Fintech / Stock Broker / Trading Platform

FY2025 Revenue

₹877 Cr

FY2025 PAT

+₹408 Cr

Full Dhan breakdown →

Company B

Solid

Zerodha

Fintech / Stock Broking

Revenue FY2025 (-11.5% from record FY2024)

₹8,810 Cr

PAT, 48% net margin

₹4,232 Cr

Full Zerodha breakdown →

The 30-Second Summary

Dhan and Zerodha look like different companies.

The numbers say they're the same business.

  • Same margins, both ~47% net.
  • Same model, flat-fee per trade, derivatives-led.
  • Same discipline, zero debt, full corporate cash tax, self-funded growth.
  • Only difference, time.

Zerodha is what happens when this model compounds for a decade. The model is solved. Only time separates them.

Where the Numbers Rhyme

Two brokers in the same regulatory regime can run wildly different P&Ls.

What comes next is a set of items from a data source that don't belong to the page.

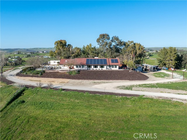 Welcome to 2245 Rancho Lomas Way, a picturesque ranch retreat nestled in the heart of Paso Robles’ Independence Ranch community. This expansive 2,260+/- single-level home, set on 10+/- acres, is a sanctuary for those seeking a blend of rustic charm and modern convenience. As you step through the front door, you are greeted by a spacious living room, boasting a wood-burning stove set against a brick accent wall, cathedral ceilings, and stunning views of the wine country landscape. Natural light floods the space, highlighting the thoughtful upgrades and meticulous attention to detail. Adjoining the living room is a dining area seamlessly connected to the remodeled kitchen. Here, culinary dreams come alive with updated cabinets, granite countertops, vinyl plank flooring, and a chic backsplash, all complemented by recessed lighting. The kitchen is a true heart of the home, designed for both intimate family dinners and grander gatherings as the French door opens to the rear yard where just around the corner, an artificial turf patio with a jacuzzi tub invites relaxation and social evenings under the stars. The primary suite is a haven within the home, featuring cathedral ceilings and an attached bonus room—ideal for an office or fitness room—offering inspiring views of the sprawling hills. The primary en-suite bathroom is equally impressive with a tiled step-in shower, a large closet with built-in vanity, and ample cabinetry. The home also includes 2 additional bedrooms, each with vinyl plank flooring and unique touches such as a bonus playroom or study area in the 2nd bedroom, and a Jack and Jill bathroom attached to the 3rd bedroom. The 2-car garage has been converted to a game room (video games are to be included) boasting a full kitchen and separate entrance. The property's exterior is just as meticulously designed, featuring a carport adjacent to a brick patio set amongst refreshed landscaping with recently added fencing for privacy. Equestrian enthusiasts will be drawn to the graded area with single stalls, various fenced spaces, and water connections, offering a variety possibilities to customize and create an equine environment. Owned solar panels and numerous outbuildings, including a Seatrain, provide functionality and opportunity, making this home not just a residence but a lifestyle choice. Embrace the opportunity to own a piece of Paso Robles serene landscapes, where many sunsets may bring peace and a glimpse of the endless potential!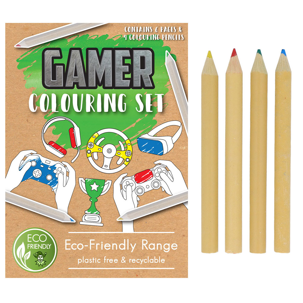 Gamer Målarset Eco omfattar ett kit med sex stycken målarblad med olika tv-spelsmotiv samt fyra stycken mini färgpennor i färgerna blå, grön, röd och gul. Produkten är miljövänlig, plastfri och återvinningsbar.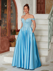 A-Line/Princess Satin Lace Off-the-Shoulder Sleeveless Floor-Length Dresses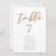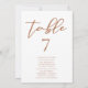 This sienna brown wedding table number card with numbers is a warm regal colour for a bride or groom looking for a blend between soft and masculine. The custom tan minimalist script features simple cursive typography along with a chic, modern serif font. This soft brown is perfect for a fall afternoon event.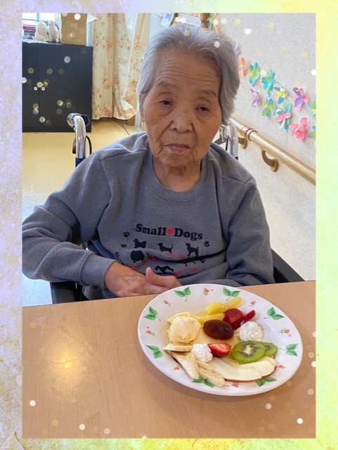 職員渾身のプリンアラモード! 美味しそう~ 盛り付けが素敵ね~ と皆さんに褒めて頂き、職員の低い鼻がちょっぴり高くなりました((´∀`))ケラケラ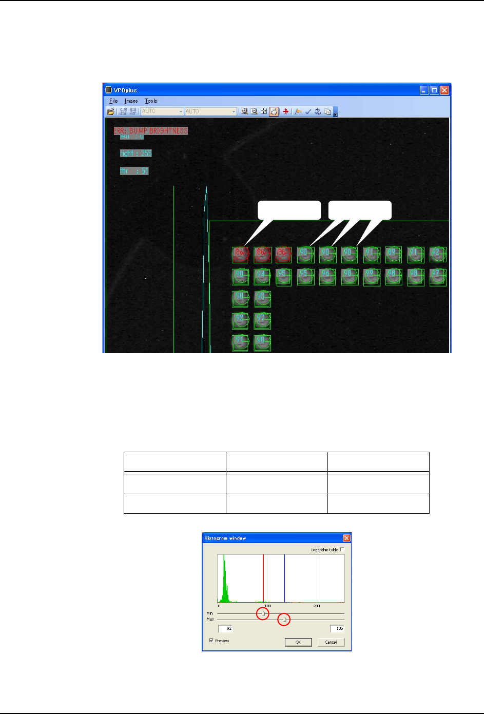 16.如果影像处理结果为错误,请点击 〈No〉。在显示错误内容的画面上,各锡球的平均灰

Dhan and Zerodha don't.

Net margin (PAT / revenue)

Dhan

46.6%

₹408 Cr profit on ₹877 Cr revenue

Zerodha

48.0%

₹4,232 Cr profit on ₹8,810 Cr revenue

The gap: Both close to half. The unit economics of the flat-fee discount-broking model are essentially identical.

Cash tax paid (full corporate rate)

Dhan

~₹140 Cr

28% of profit; full Indian corporate rate

Zerodha

~₹1,400 Cr

33% of profit; full Indian corporate rate

The gap: Neither has a tax shield. Both report real, taxable profit and pay it in cash.

Capital structure

Dhan

Zero borrowings

self-funded from operating cash

Zerodha

Zero borrowings

self-funded for over a decade

The gap: Identical. Both refuse leverage; both grow from operations.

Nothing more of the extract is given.